Selection and Conditions — Year 5 — Year 5 Lesson Plan
National Curriculum: Computing KS2 — design, write and debug programs that accomplish specific goals, decomposing problems into smaller parts; use sequence, selection, and repetition in programs; use logical reasoning to detect and correct errors in algorithms and programs.
Overview
Building on Year 4 experience with simple if/else, pupils explore nested selection and compound conditions using AND, OR, and NOT operators. They design complex decision-making algorithms on paper before implementing them in Scratch, using scenarios where a program must evaluate multiple conditions simultaneously. The unit develops precision in logical thinking and prepares pupils for the complexity of real-world software behaviour.
Learning Objectives
- Explain what a compound condition is and use AND, OR, and NOT to create them.
- Design a nested if/else algorithm on paper before implementing it in Scratch.
- Build a Scratch program that uses nested selection to produce three or more different outcomes.
- Trace through a program containing nested conditions to predict the output for a given input.
Key Vocabulary
Suggested Lesson Structure
True or false sorting activity with compound conditions: 'It is Monday AND it is raining — if today is Tuesday and it is sunny, is this true or false?' Work through four examples covering AND, OR, and NOT. Pupils hold up true/false cards and discuss. Establish that computers make these exact kinds of evaluations millions of times per second.
Display a real-world decision tree for context: a theme park ride that pupils can board only if they are over 1.2 m tall AND under 12 years old. Model translating this into an if/else in Scratch using operator blocks. Then extend: what if there is also a junior version for pupils under 1.0 m? Show how a second if/else is nested inside the else branch to create three outcomes. Work through the algorithm in pseudocode first, then code it in Scratch step by step.
Pupils are given a printed pseudocode algorithm for a weather-advice program: if temperature > 25 AND raining = false, output 'Go to the beach'; else if temperature > 15, output 'Take a jacket'; else output 'Stay inside'. Pupils work in pairs to translate this into a Scratch program using ask/answer blocks for input and say blocks for output. They test three different input combinations and record whether the program produces the expected output.
Pupils design their own nested selection program on a planning sheet (pseudocode and a flowchart with at least three outcomes). A suggested context: a school lunch menu recommender that asks two questions and uses nested if/else to suggest a meal. Pupils who complete the plan begin coding.
Teacher displays a program with a deliberate logic error: AND used where OR was intended, resulting in a condition that can never be true (e.g. score > 10 AND score < 5). Ask: can a score ever be greater than 10 AND less than 5 at the same time? What should the operator be?

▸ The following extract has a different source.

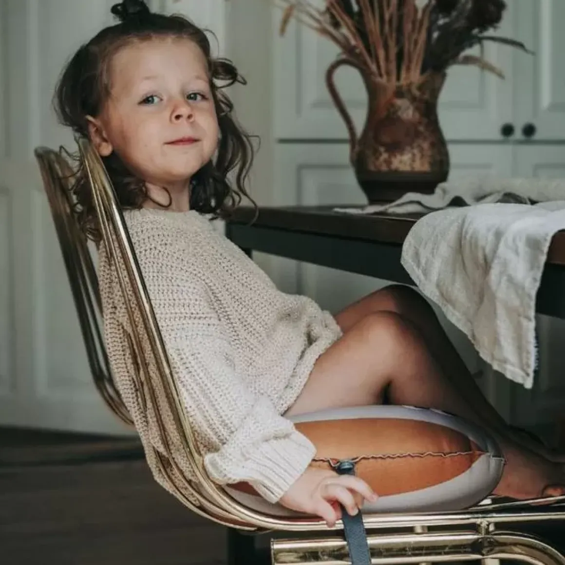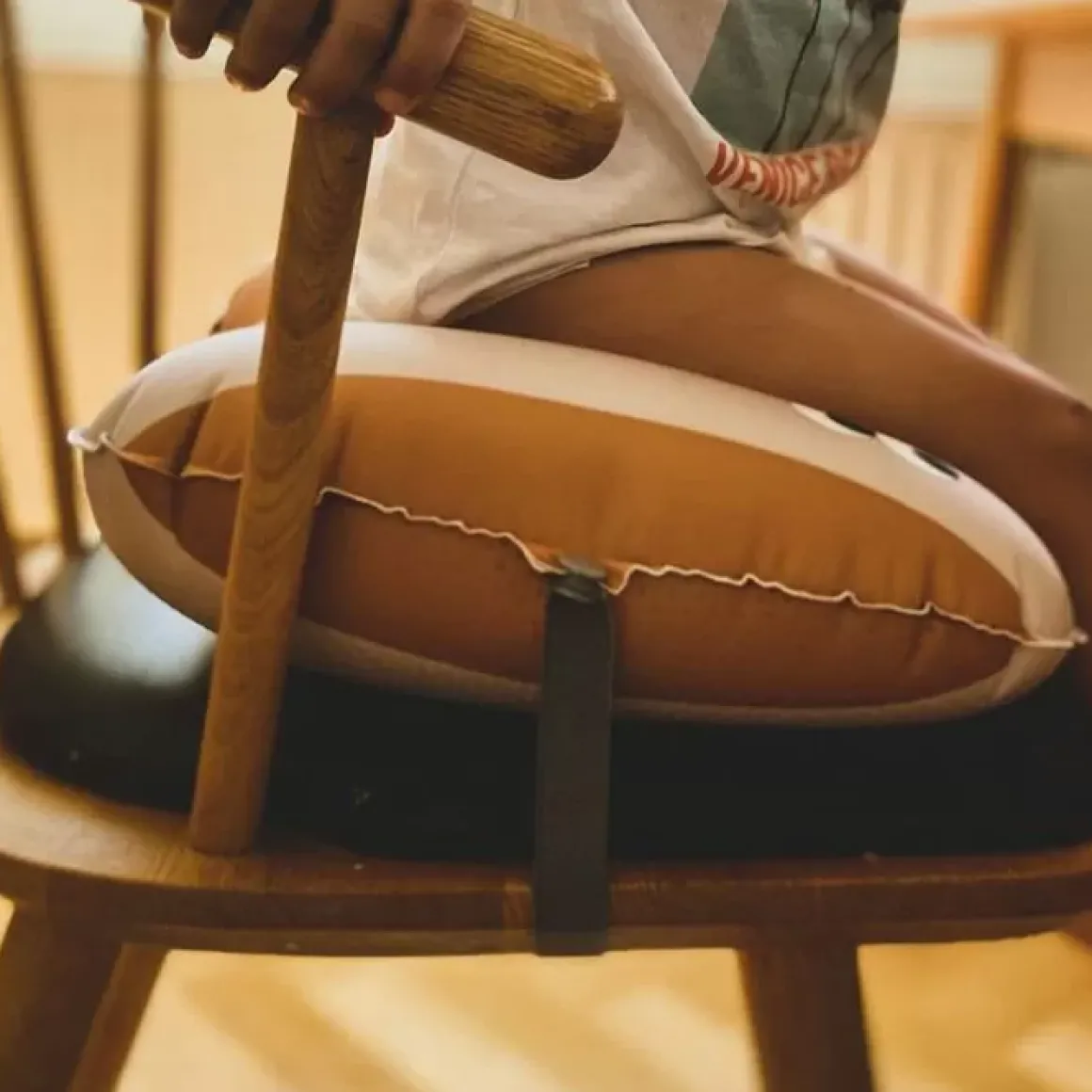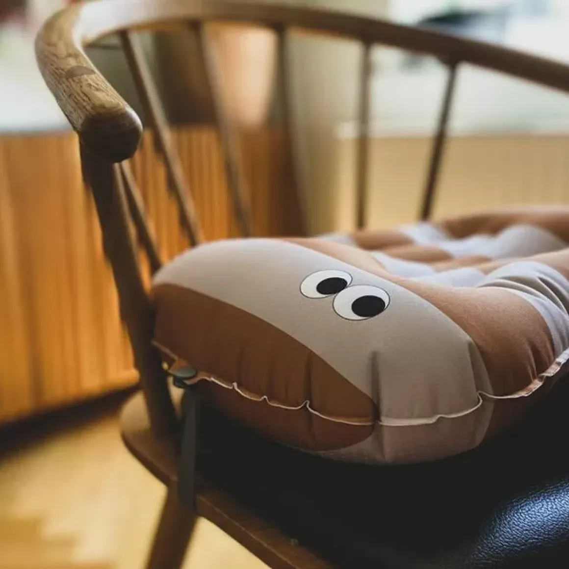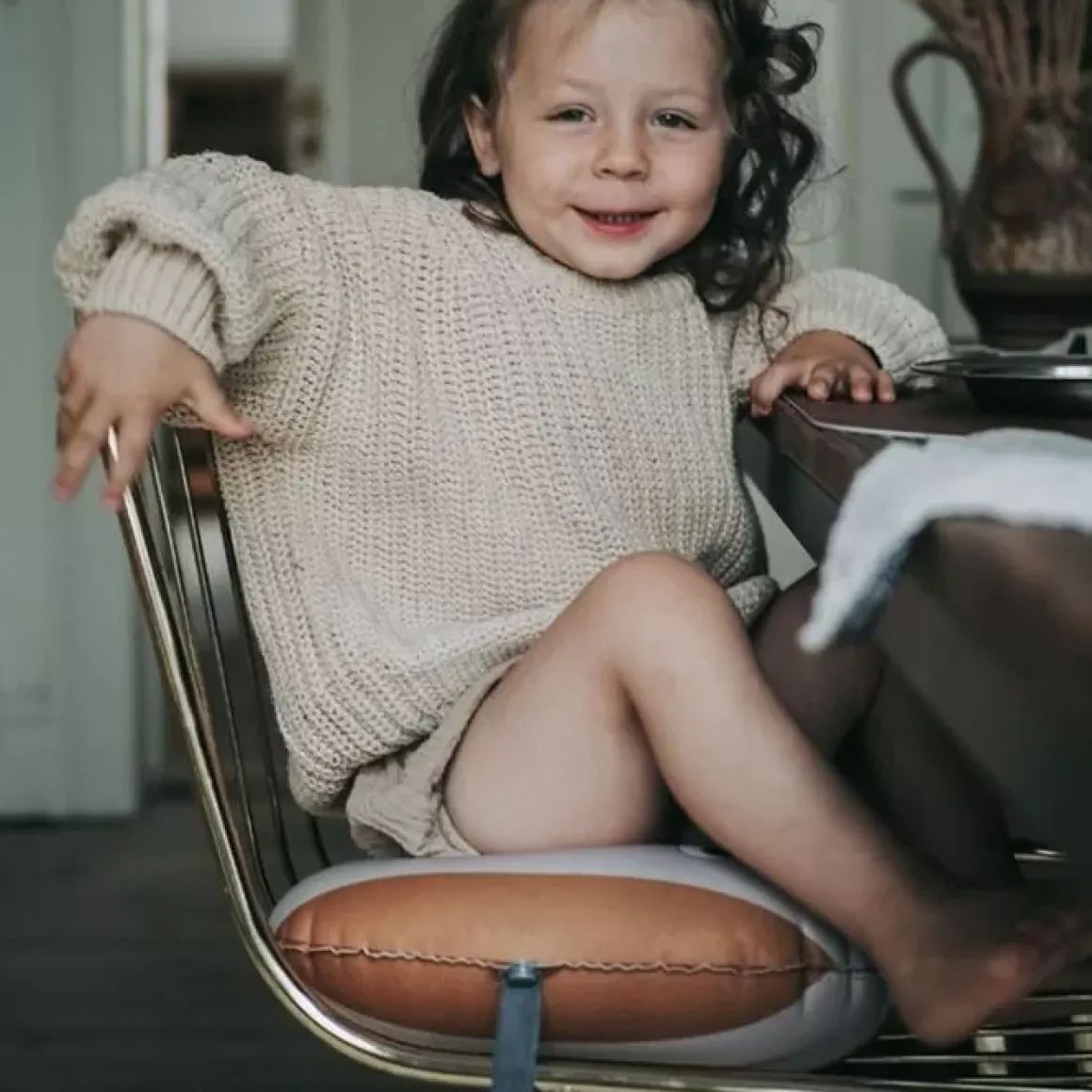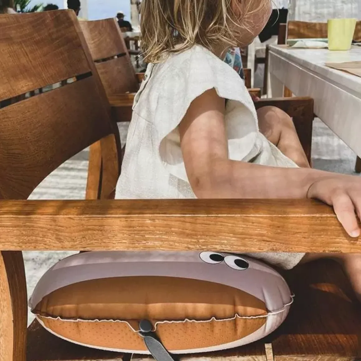 De Opblaasbare Zitkussen Mustard Nude Van Noui Noui Is Speciaal Voor Kindjes Die Te Groot Zijn Voor Een Kinderstoel En Te Klein Voor Een Volwassen Stoel.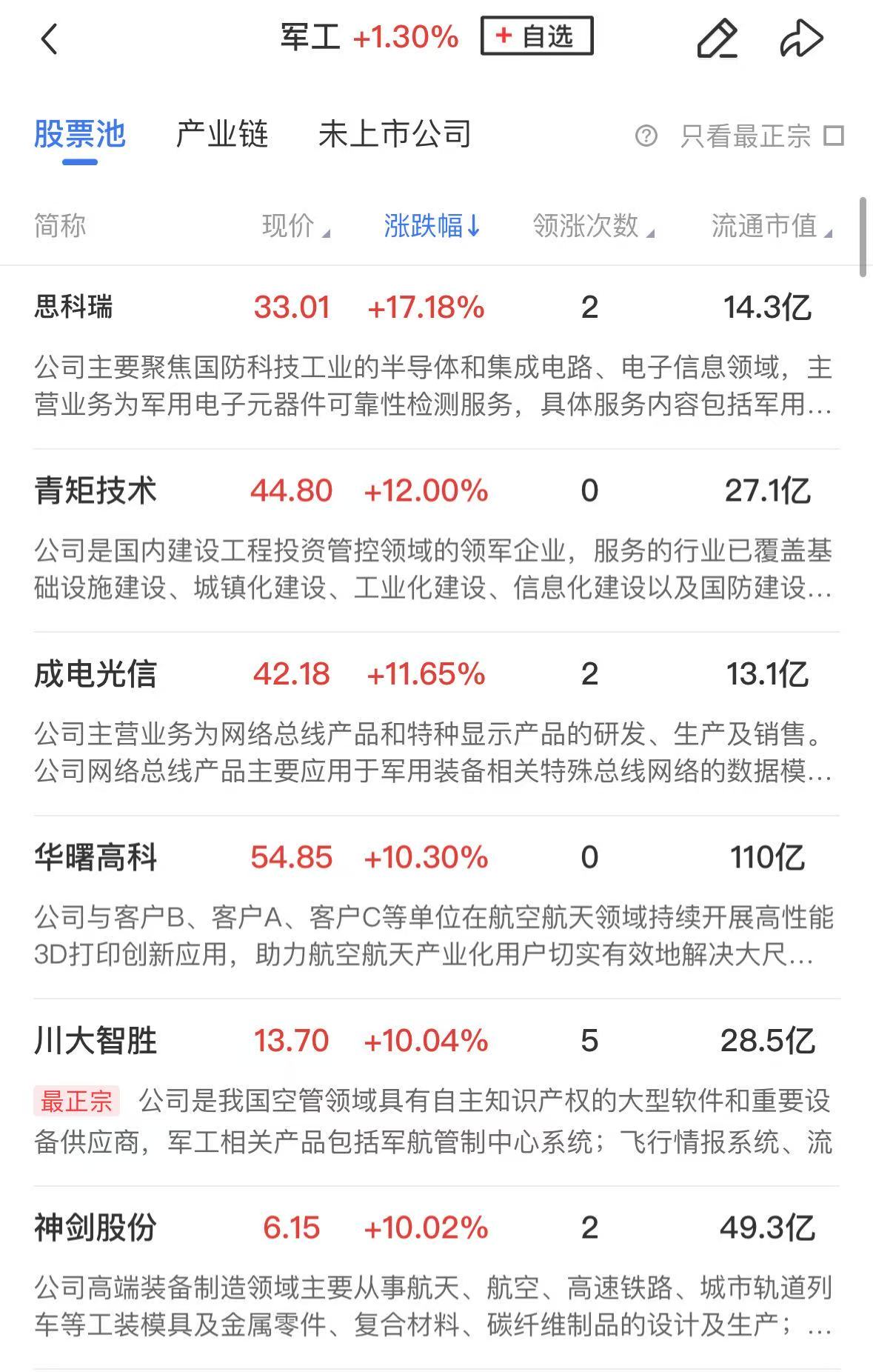 军工股震荡走强,火炬电子涨停,晟楠科技、迈信林、中航高科、三角防务、中科海讯等个股涨幅居前。

Emphasise: understanding AND/OR is essential because the wrong operator can create a bug that is very hard to spot.
Common Misconceptions
- Pupils frequently confuse AND with OR in natural language: 'I want a burger and chips' is an AND in everyday speech, but in programming it means both must be true simultaneously — use Venn diagrams to illustrate the difference.
- When nesting if/else blocks, pupils sometimes place the second if/else inside the if branch rather than the else branch, producing a different logical structure — trace through the algorithm carefully to find where the nesting should occur.
Prior Knowledge
Pupils should already be able to:
- Experience using simple if/else selection blocks in Scratch from Year 4.
- Ability to use Boolean operators in the context of simple conditions.